Yesterday, internet activist Christopher Rufo posted on Twitter a long post denouncing, disavowing and anathematizing someone named Chris Brunet. Apparently, Brunet used to work for Rufo or maybe they were friends, but Rufo now finds that old association inconvenient to his current relationships and career choices, so he decided to do the predictable thing and denounce Brunet. It is a weird form of public piety that the conservatives inherited from communism.
For those of a certain age, this is familiar stuff. While the format is different from the old days of conservatism, the act is the same. That post reads like a Twitter version of Bill Buckley’s denunciation of Pat Buchanan thirty years ago. Interestingly, that famous essay is nowhere to be found online, but the book version is still available. Imagine someone writing a forty-thousand-word essay denouncing someone then being so proud of it that he turned it into a book.

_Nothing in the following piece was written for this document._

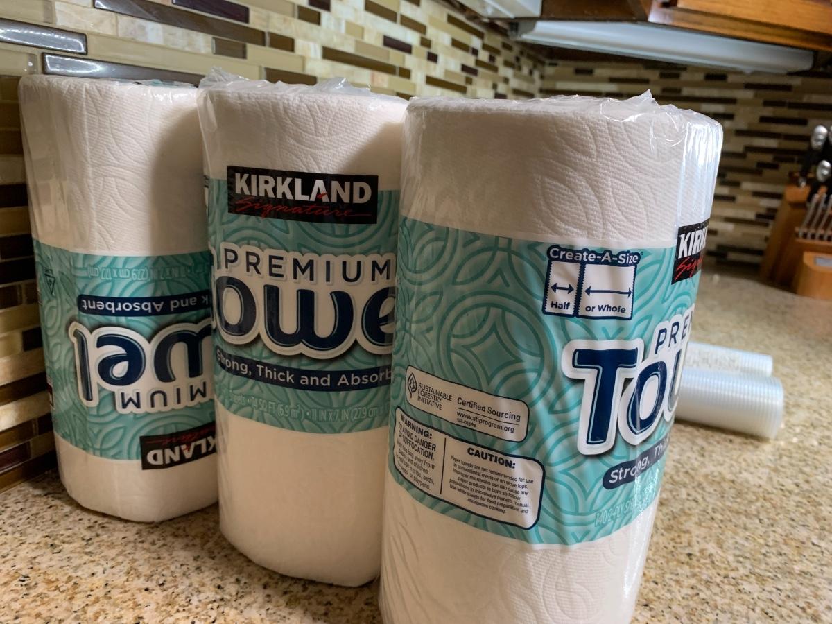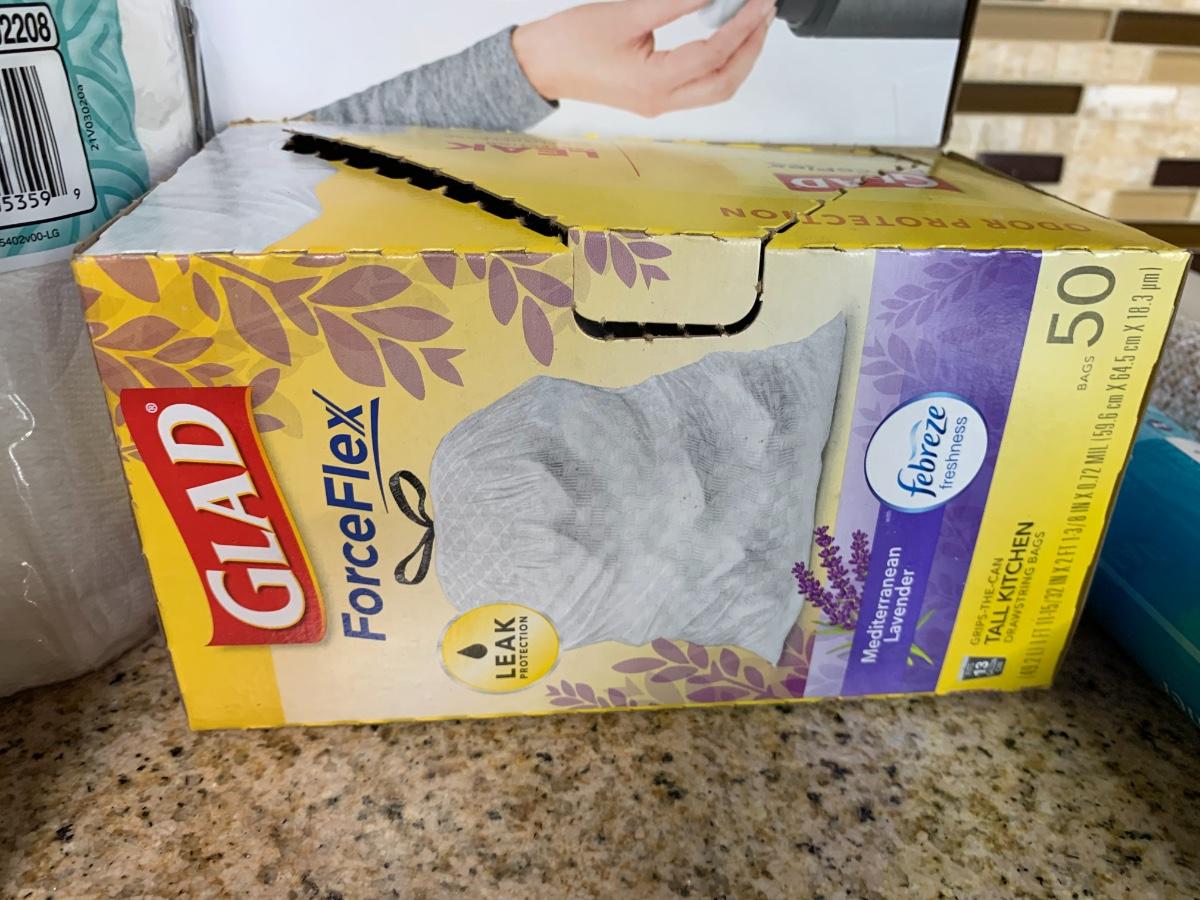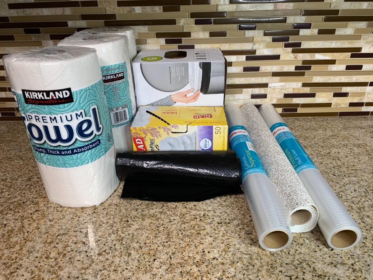 Misc. Household Supplies (shelf liner, 3 rolls of paper towels, 3 boxes of trash bags, 1 roll of black trash bag)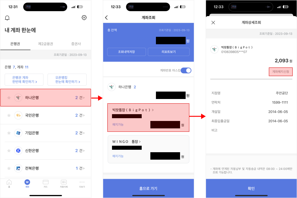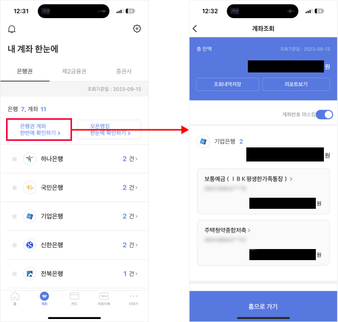 그리고 은행권 계좌 한 번에 확인하기 버튼을 누르면 모든 계좌의 돈을 한 화면에서 모두 확인이 가능해요.

That is the first notable thing about this bit of drama. Those familiar with the history of conservatism recognize this performance. The person putting on the show is doing it for an audience that is never named, but always assumed. The stated audience is either credulous, incredulous or confused by the performance. Everything about this age is a reboot, especially the stuff that emanates from the political class, so the “new right” is just a low-budget reboot of the old right.
There is a Little Rascals quality to all of it. They put on the costumes of the past and reenact events as they think they happened, but in a high school musical sort of way, which makes it feel small and petty. Thirty years ago, Buchanan and Buckley were towering figures fighting for the right to define a sociopolitical movement they helped create, while Rufo and Burnet are two guys on the internet. To his credit, Burnett seems to appreciate the absurdity of it.
The resulting drama brings up another notable aspect. Then as now, the people doing the denouncing always couch their denunciations in moral terms, when it is obvious that they are motivated by money. Buckley knew there were loads of cash waiting for him if he denounced the paleocons. The neocons, Zionists and the Israel lobby were as flush with cash thirty years ago as they are now. They hated the critics of these things as much as they hate them today.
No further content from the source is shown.